This requires a centralized server, and a major revamp of the news
protocols. Possible, but I don't think desirable, and it's not
reasonable to reduce the blame for the damage of spam because
we *could* do this. It's like blaming us for car theft because
we *could* remove the spark plugs every time we park.

articles. I bet there are many people who used more net resources
in one week than does the typical (100 group, say) spam. We don't
object to them, because they are just well behaved, active
participants in Usenet. If we define spam via resources, a spammer

It's not the net use of resources, I think. It's the sudden and
over-whelming use of resources. A sudden burst of postage can and does
overwhelm servers, particularly when it adds to a *lot* of low-traffic
groups, and when it requires all these multiple copies. A modest,
although high-level flow can easily be coped with. I think there's
a very real difference.

Hence my definition: spam is massive disruption of the newsgroup
stucture.

Maybe. I prefer the precise technical definition of "50 or more
duplicate posts at the same time". This will catch a large number,
most even, of the newbie or malicious C&S style spammers. Any other
cases can be examined in light of other standards, such as if it's
on-topic or libelous or off-charter or false advertising or violates
user agreements.

Nico Garcia
ra...@athena.mit.edu

Mitchell Golden

unread,
Oct 6, 1994, 5:21:21 PM10/6/94
to
Nico Garcia (ra...@athena.mit.edu) wrote:
: In article <Cx987...@das.harvard.edu> gol...@harpo.harvard.edu
(Mitchell Golden) writes:

:: In my hypothetical solution, _one_ site has to do the hashing etc,
:: the article then propagates as though it were crossposted. The
:: waste of net resources happens only on or near the poster's site.
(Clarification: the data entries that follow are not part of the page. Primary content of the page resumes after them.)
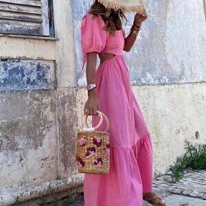 Pink Casual Women's Summer Holiday Solid Color Square Neck Puff Sleeve Dress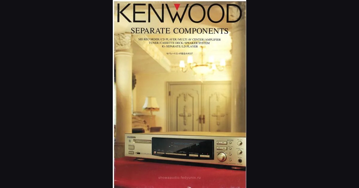 A staple-bound A4 booklet from KENWOOD, 24 pages covering the full separate components lineup from autumn 1996. The central theme is D.R.I.V.E. (Dynamic Resolution Intensive Variable Engine) for MD and CD - KENWOOD’s main pitch for digital recording and playback quality. MD recorders DM-7090 and DMF-7002, CD players DP-7060 and DPF-7002, AV centers KR-V990D with Dolby AC-3, integrated amplifiers KA-3080R and the K’s series (KAF-7002, KAF-5002), cassette decks KX-5080S and KX-7060S with Dolby S, tuners KT-3080, speakers LSF-777/555/333 - virtually the entire lineup from MD to speakers.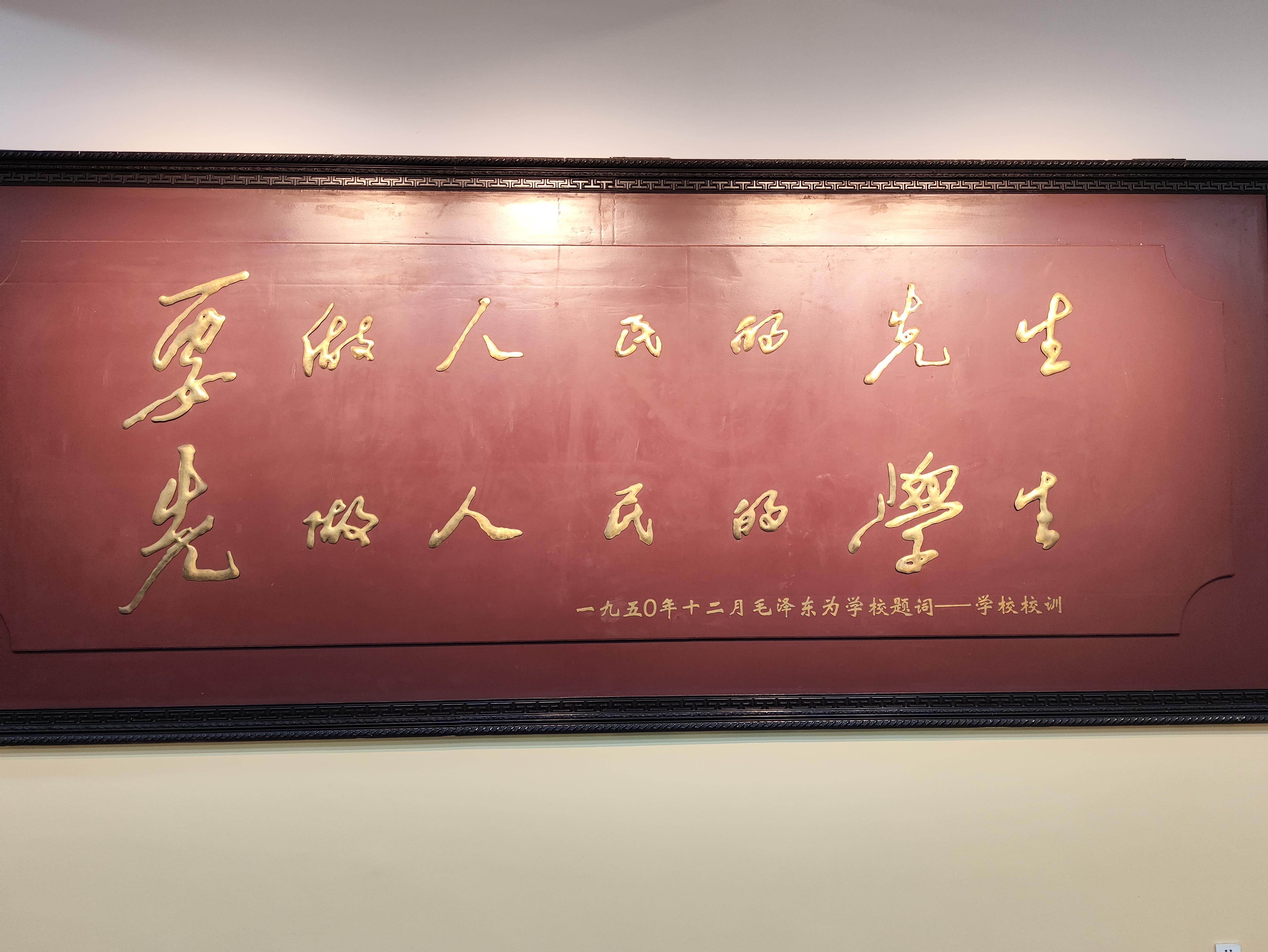 △湖南第一师范学院(城南书院校区)大礼堂。(总台央视记者范凯拍摄) 百年大计,教育为本。 习近平总书记始终心系教育,要求“把立德树人的成效作为检验学校一切工作的根本标准”。他强调,“人无德不立,育人的根本在于立德。这是人才培养的辩证法。办学就要尊重这个规律,否则就办不好学。” “要做人民的先生,先做人民的学生” “要做人民的先生,先做人民的学生。”这是湖南第一师范的校训。 学校始终践行校训精神,站稳人民立场,恪守为民情怀。 新中国成立之初,全国5.5亿人口中有4亿多人是文盲,“扫盲”成为国家迫切的任务。湖南一师坚持为“人民的文教工作服务”,培养了数十万学子,扎根基础教育一线,接力担当从教育救国、教育报国到教育兴国的历史使命。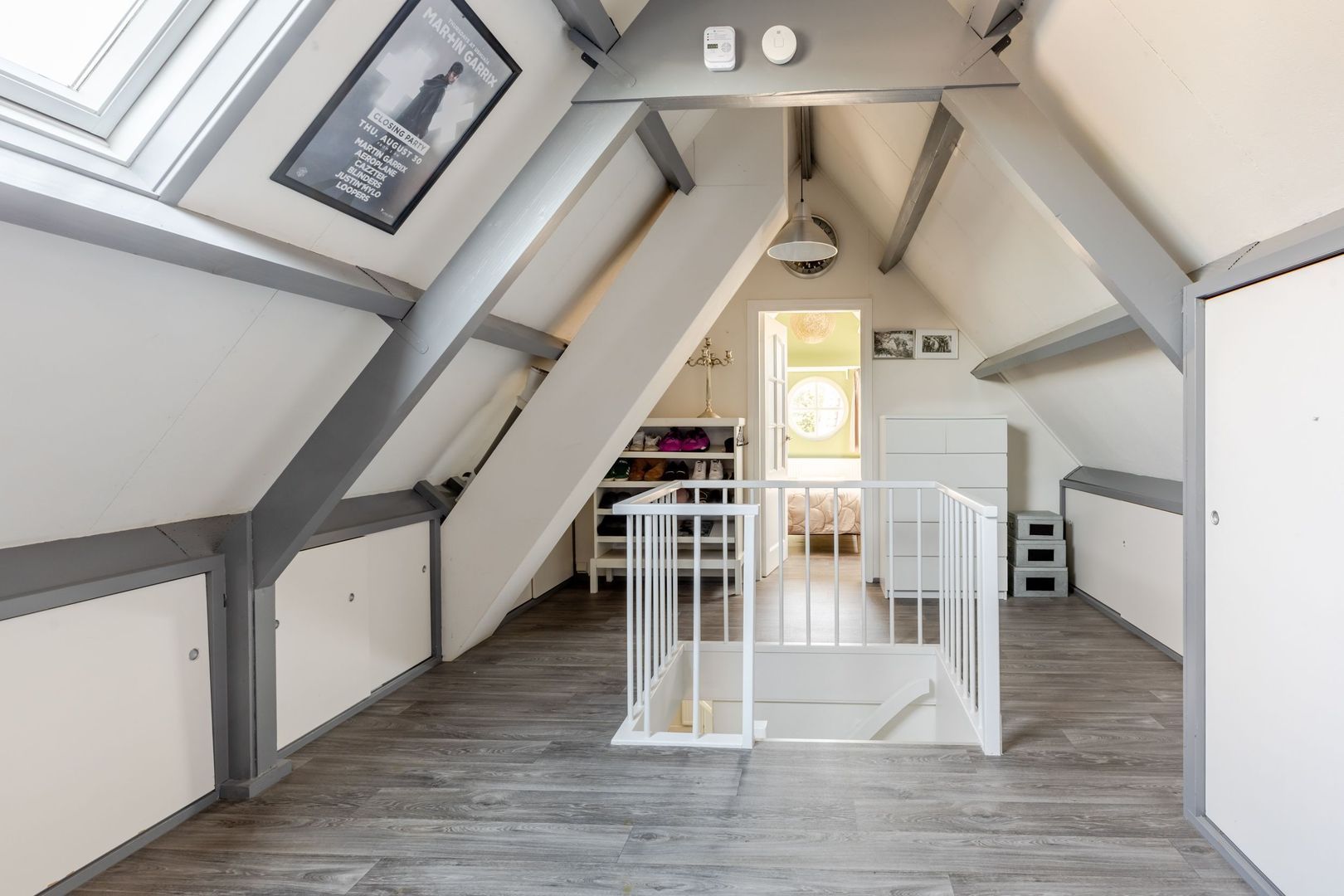 De tweede verdieping is groter dan je zou denken. Op de zolder is veel praktische bergruimte gemaakt door het plaatsen van schuifwanden/schotten. De derde slaapkamer beschikt over een dakraam en het kenmerkende ronde raam in de kopgevel.

: This requires a centralized server, and a major revamp of the news
: protocols. Possible, but I don't think desirable, and it's not
: reasonable to reduce the blame for the damage of spam because
: we *could* do this. It's like blaming us for car theft because
: we *could* remove the spark plugs every time we park.

No centralized server is needed; not if it's implemented cleverly.
When a site receives an article, it hashes it to see if it already
has the article. If it does, then it just modifies the header of
the saved article to include the new group. When the site
propagates the article further, it just propagates it once. Thus,
either the posting site or some site "nearby" collapses the
multipost down to a single crossposted article, and no other site
has to do it again.

Again - I'm not arguing for this. I just am pointing out that the
amount of Usenet resources used by Usenet isn't a fixed given thing.
If there were some useful purpose to be served by allowing this kind
of posting, someone would write software to implement something akin
to what I'm suggesting. It's just that there _isn't_ any purpose to
be served by doing this, because spam really is bad for reasons
other than the resources it uses.

:: articles. I bet there are many people who used more net resources


:: in one week than does the typical (100 group, say) spam. We don't
:: object to them, because they are just well behaved, active
:: participants in Usenet. If we define spam via resources, a spammer

: It's not the net use of resources, I think. It's the sudden and
: over-whelming use of resources.

Canter and Siegel used resources overwhelmingly, most other spams
don't. Suppose for example that David Rhodes posts his chain letter
into 10 groups every day. That's not much of a use of resources -
I've seen people who (properly) post 10 messages a day into one
group! The difference between the Rhodes letter and the others _is
their effect on the group_, not their use of resources.

Ron Newman

unread,
Oct 6, 1994, 6:37:51 PM10/6/94
to
In article <Cx9sn...@das.harvard.edu>,

Mitchell Golden <gol...@harpo.harvard.edu> wrote:
>When a site receives an article, it hashes it to see if it already
>has the article. If it does, then it just modifies the header of
>the saved article to include the new group. When the site
>propagates the article further, it just propagates it once. Thus,
>either the posting site or some site "nearby" collapses the
>multipost down to a single crossposted article, and no other site
>has to do it again.

Let's say you receive a 10-newsgroup multi-post. The articles
are sent individually newsgroups N1 through N10, with Message-IDs
M1 through M10 respectively.

You propose to create a new article, whose Message-ID is M1,
and whose Newsgroups line contains all of N1 through N10.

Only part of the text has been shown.